🤖 AI Summary
This work addresses the challenges of end-to-end training quantum reinforcement learning policies under high-dimensional visual inputs, which are hindered by the limited expressivity and optimization instability of variational quantum circuits (VQCs). To circumvent these issues, the authors propose a staged knowledge distillation framework: first, a classical vision-based teacher model is trained and its encoder is frozen to serve as a fixed feature extractor; subsequently, the teacher’s policy behavior is distilled into a lightweight downstream head—either classical or quantum—effectively reframing visual quantum reinforcement learning as a compact policy-head learning problem. Empirical validation on CartPole Pixels and Acrobot Pixels demonstrates that shallow VQC policy heads can achieve non-trivial control performance approaching that of the teacher. Angle encoding proves robust and efficient, whereas amplitude encoding, though maximally compact, exhibits greater sensitivity.
📝 Abstract
Visual environments are a demanding setting for quantum reinforcement learning (QRL): high-dimensional observations, unstable RL optimisation, and constrained variational quantum circuits (VQCs) are difficult to train jointly. This paper studies knowledge distillation (KD) as a staged hybridisation strategy for visual QRL. Instead of training a hybrid visual agent end-to-end from pixels, we first train a classical visual teacher, freeze its encoder as a feature interface, and distil the teacher's policy behaviour into compact downstream heads. These heads can be classical or VQC-based, enabling small quantum-compatible students to be evaluated under the same frozen representation as compact classical controls.

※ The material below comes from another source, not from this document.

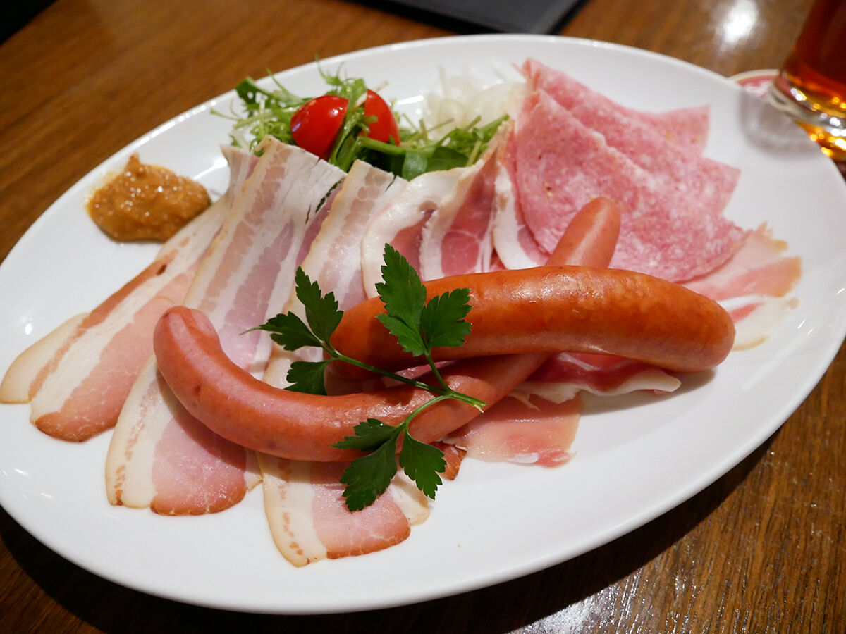 で、生ハム(サラダとかぶってしまったけど)・クラカワー(太いの)・ウインナー・ベーコン・ビアヴーストの5種盛り。

We evaluate the pipeline on CartPole Pixels and Acrobot Pixels. The results show that staged KD enables shallow VQC heads to acquire non-trivial visual-control behaviour in settings where direct pixel-based training would be substantially more difficult. Angle-encoded VQC heads retain near-teacher performance, while amplitude-encoded heads push compactness to an extreme regime, at the cost of greater fragility, stronger budget sensitivity, and higher simulation time. Overall, staged KD reframes visual QRL as a compact-head learning problem, opening a practical route for training small quantum-compatible policies outside the standard end-to-end RL loop.